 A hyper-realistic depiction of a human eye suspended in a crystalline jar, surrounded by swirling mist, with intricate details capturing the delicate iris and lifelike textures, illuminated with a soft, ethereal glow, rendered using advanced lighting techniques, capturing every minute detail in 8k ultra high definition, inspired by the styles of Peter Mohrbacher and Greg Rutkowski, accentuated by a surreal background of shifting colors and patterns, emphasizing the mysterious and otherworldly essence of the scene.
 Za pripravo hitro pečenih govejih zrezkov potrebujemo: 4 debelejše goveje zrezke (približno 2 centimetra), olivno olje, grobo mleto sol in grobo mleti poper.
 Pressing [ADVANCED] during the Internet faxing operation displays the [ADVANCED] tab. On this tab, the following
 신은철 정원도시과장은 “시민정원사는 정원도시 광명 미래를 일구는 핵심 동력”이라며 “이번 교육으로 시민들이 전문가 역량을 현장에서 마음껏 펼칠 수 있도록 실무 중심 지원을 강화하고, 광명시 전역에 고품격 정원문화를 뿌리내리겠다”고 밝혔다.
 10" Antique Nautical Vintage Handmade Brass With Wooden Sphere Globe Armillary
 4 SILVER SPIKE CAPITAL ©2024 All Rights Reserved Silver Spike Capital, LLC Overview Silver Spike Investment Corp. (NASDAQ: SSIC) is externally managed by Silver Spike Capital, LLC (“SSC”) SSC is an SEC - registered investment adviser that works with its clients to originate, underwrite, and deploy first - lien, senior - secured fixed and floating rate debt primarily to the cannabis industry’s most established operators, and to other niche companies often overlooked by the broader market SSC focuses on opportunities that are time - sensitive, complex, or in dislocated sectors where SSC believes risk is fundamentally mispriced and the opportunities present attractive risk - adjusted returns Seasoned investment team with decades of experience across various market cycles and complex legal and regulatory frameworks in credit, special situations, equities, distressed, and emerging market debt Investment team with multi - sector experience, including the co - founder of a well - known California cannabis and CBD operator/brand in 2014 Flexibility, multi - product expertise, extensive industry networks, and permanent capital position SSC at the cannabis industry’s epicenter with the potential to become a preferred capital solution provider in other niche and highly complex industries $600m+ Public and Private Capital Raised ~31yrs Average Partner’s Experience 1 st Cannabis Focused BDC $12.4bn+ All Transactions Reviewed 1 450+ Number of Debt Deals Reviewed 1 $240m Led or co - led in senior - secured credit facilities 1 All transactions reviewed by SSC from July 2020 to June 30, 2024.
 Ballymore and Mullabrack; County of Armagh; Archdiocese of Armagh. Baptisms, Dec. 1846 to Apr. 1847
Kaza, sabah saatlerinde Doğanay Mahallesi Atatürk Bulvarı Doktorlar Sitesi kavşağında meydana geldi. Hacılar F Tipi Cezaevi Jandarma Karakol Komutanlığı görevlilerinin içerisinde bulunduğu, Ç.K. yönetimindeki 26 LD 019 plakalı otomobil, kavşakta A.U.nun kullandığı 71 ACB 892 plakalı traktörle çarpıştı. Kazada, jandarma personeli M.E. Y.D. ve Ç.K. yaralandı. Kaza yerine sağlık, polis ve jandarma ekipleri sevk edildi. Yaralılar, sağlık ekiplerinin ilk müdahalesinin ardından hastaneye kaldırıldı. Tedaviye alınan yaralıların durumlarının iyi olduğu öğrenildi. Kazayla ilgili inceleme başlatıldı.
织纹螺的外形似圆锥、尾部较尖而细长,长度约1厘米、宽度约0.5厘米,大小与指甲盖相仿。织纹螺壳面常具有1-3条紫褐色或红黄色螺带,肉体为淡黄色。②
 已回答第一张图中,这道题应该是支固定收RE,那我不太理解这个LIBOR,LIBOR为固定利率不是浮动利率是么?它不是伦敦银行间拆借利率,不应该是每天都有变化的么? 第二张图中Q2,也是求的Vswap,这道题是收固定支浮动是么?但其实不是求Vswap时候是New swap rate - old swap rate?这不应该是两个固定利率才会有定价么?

◇ ◇ ◇ ◇ ◇

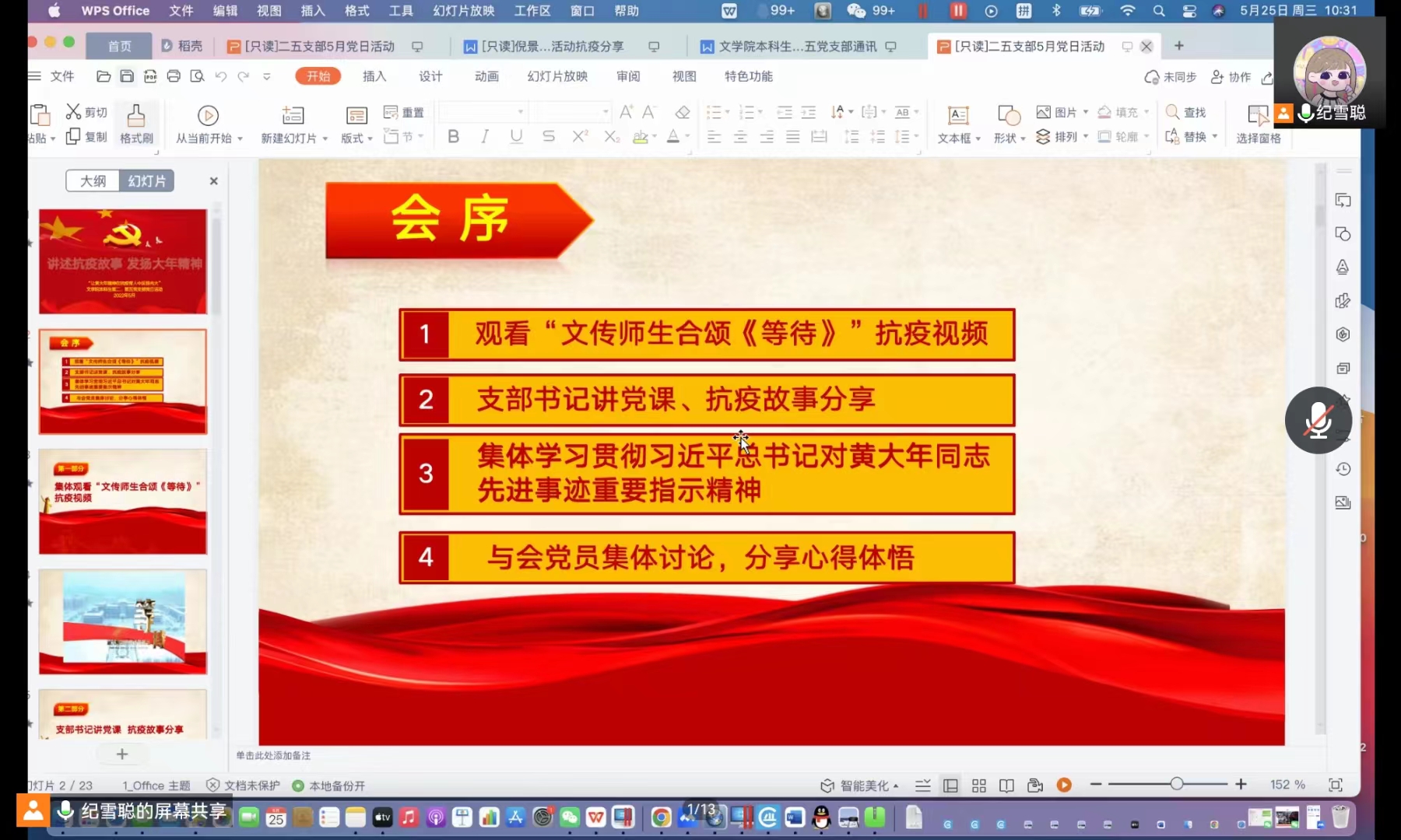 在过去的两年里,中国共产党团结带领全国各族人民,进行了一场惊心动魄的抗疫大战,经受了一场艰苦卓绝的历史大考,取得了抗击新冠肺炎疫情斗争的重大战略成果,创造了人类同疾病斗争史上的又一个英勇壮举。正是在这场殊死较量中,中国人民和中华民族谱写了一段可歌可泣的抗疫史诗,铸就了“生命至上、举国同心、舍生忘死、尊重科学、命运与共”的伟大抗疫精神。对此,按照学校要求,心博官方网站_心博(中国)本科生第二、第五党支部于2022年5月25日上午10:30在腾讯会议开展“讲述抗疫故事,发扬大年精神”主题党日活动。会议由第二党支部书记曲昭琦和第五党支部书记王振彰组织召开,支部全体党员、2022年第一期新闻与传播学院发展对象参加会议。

◇ ◇ ◇ ◇ ◇

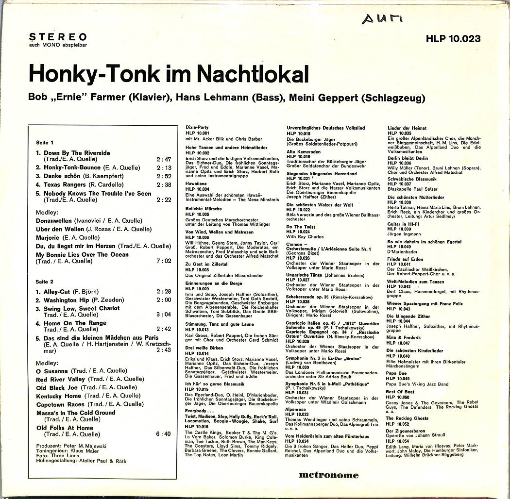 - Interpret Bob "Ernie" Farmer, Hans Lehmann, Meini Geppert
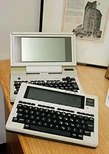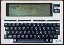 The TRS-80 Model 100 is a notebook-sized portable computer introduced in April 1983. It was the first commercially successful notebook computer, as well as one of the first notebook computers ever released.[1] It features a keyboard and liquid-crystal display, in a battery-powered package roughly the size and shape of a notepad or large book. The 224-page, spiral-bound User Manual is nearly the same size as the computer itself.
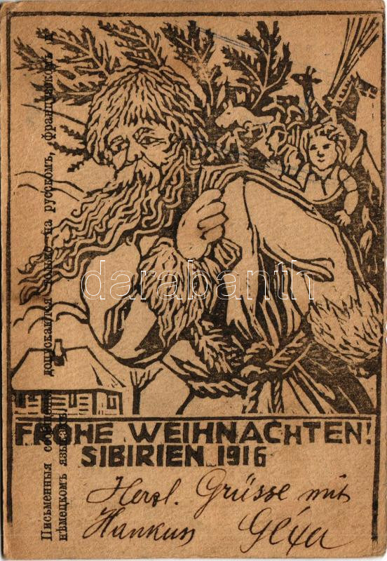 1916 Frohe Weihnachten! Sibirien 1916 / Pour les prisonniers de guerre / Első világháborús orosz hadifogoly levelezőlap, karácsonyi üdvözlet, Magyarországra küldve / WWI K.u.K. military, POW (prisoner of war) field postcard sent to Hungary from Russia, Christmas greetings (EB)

◇ ◇ ◇ ◇ ◇

▸ **PROBLEM**: All lines in the listing above between the line with "Za pripravo hitro" and the line with "Sphere Globe Armillary", inclusive, should be set down exactly, and no line outside that range.

▸ **RESPONSE AREA**:
 Za pripravo hitro pečenih govejih zrezkov potrebujemo: 4 debelejše goveje zrezke (približno 2 centimetra), olivno olje, grobo mleto sol in grobo mleti poper.
 Pressing [ADVANCED] during the Internet faxing operation displays the [ADVANCED] tab. On this tab, the following
 신은철 정원도시과장은 “시민정원사는 정원도시 광명 미래를 일구는 핵심 동력”이라며 “이번 교육으로 시민들이 전문가 역량을 현장에서 마음껏 펼칠 수 있도록 실무 중심 지원을 강화하고, 광명시 전역에 고품격 정원문화를 뿌리내리겠다”고 밝혔다.
 10" Antique Nautical Vintage Handmade Brass With Wooden Sphere Globe Armillary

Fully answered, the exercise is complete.